Young parenting lockdown

Alisha - posted on 09/19/2012 ( 2 moms have responded )

3

0

0

My beautiful little boy was born 7 weeks ago, and to me and my family he is the most precious thing in the world. I am a young mother, 15 years old and still live with my parents and older brothers and sisters which have no children so my little baby is the first grandchild. I have been with my boyfriend for 2 years and recently moved overseas with my family as I had no choice, and once settled in found out I was pregnant with my boyfriends baby.. (at the time we were long distance). My father is very traditional and old school and so of course at first did not talk to me for a while but I had great support from my mother and sisters. As it got closer to my due date, my father grew so close to me and would tell us all how excited he is for his first granbaby. I knew my father probably wouldn't accept my boyfriend, and so I did not mention anything with him. My boyfriend flew over unexpectadly, to be with me and our son, and be apart of this little boy's life. But my father would not accept him. He seriously went psycho, saying that he will never ever allow him to see me or my baby. I was just so upset and at the time carrying. But my father would not budge. My father was not at the birth of my son, but my sisters and mom were, I asked them if my boyfriend could please attend and they agreed, but this was not to be known by my father. A couple of times behind my dads back me and me baby would secretly meet up with his father. Me and my boyfriend are still so in love and though my father will not accept him we still have faith. Its been so long now, and my baby is getting older and bigger and growing stronger by the day, and I am just really tired of waiting around for practically no change. My boyfriend is also growing impatient as he misses his son, and me. He flew back to New Zealand 2 weeks ago so I could sort something out, but nothing has changed. I have an idea that im not sure if I should act upon. I would like to move over to New Zealand where I am originally from, and where my boyfriend is. His family have said that we could live with them if we do come. But I know my family would be hurt. I just think it is more important for my son to know he is loved by both parents, and I want to know I have created my own family, not being ruled by my own parents and older siblings in front of my child. But as of my age, Im not sure if my parents are the ones who decide if I can go or not.. Help please :(

2 Comments

View replies by

Dove - posted on 09/19/2012

11,620

0

1348

I don't know where you are, but I'm pretty sure fathers have a right to their children in every country. Your dad may (or may not) control YOUR life at the moment, but he can't control the fact that your child's father has a legal right to be involved in HIS life.

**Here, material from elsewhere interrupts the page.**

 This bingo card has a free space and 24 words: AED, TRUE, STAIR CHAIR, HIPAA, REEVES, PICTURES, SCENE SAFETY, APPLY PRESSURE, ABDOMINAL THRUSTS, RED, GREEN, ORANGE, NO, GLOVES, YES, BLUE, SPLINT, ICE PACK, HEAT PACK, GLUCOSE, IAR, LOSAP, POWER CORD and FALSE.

My best advice is to call a lawyer and find out what your options are right now... and what the baby's father's options are as well. If you get a hold of a lawyer that doesn't take you seriously because of your age... call another one.

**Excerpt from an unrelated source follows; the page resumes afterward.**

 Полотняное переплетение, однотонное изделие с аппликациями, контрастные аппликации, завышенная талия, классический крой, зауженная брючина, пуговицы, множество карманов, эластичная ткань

You are right that your child should know he is loved and cared for by both parents. Because of your young ages you definitely need parental help and support (either your parents or his... or both) at this time, but you both CAN make this work if you are committed to each other, your son, your education, and soon enough... jobs. Good luck!

Michelle - posted on 09/19/2012

2,191

23

1087

You would have to check with a lawyer but here in Canada you can legally live on your own and make your own decisions at the age of 16 if you are able to prove that you can support yourself financially and look after yourself.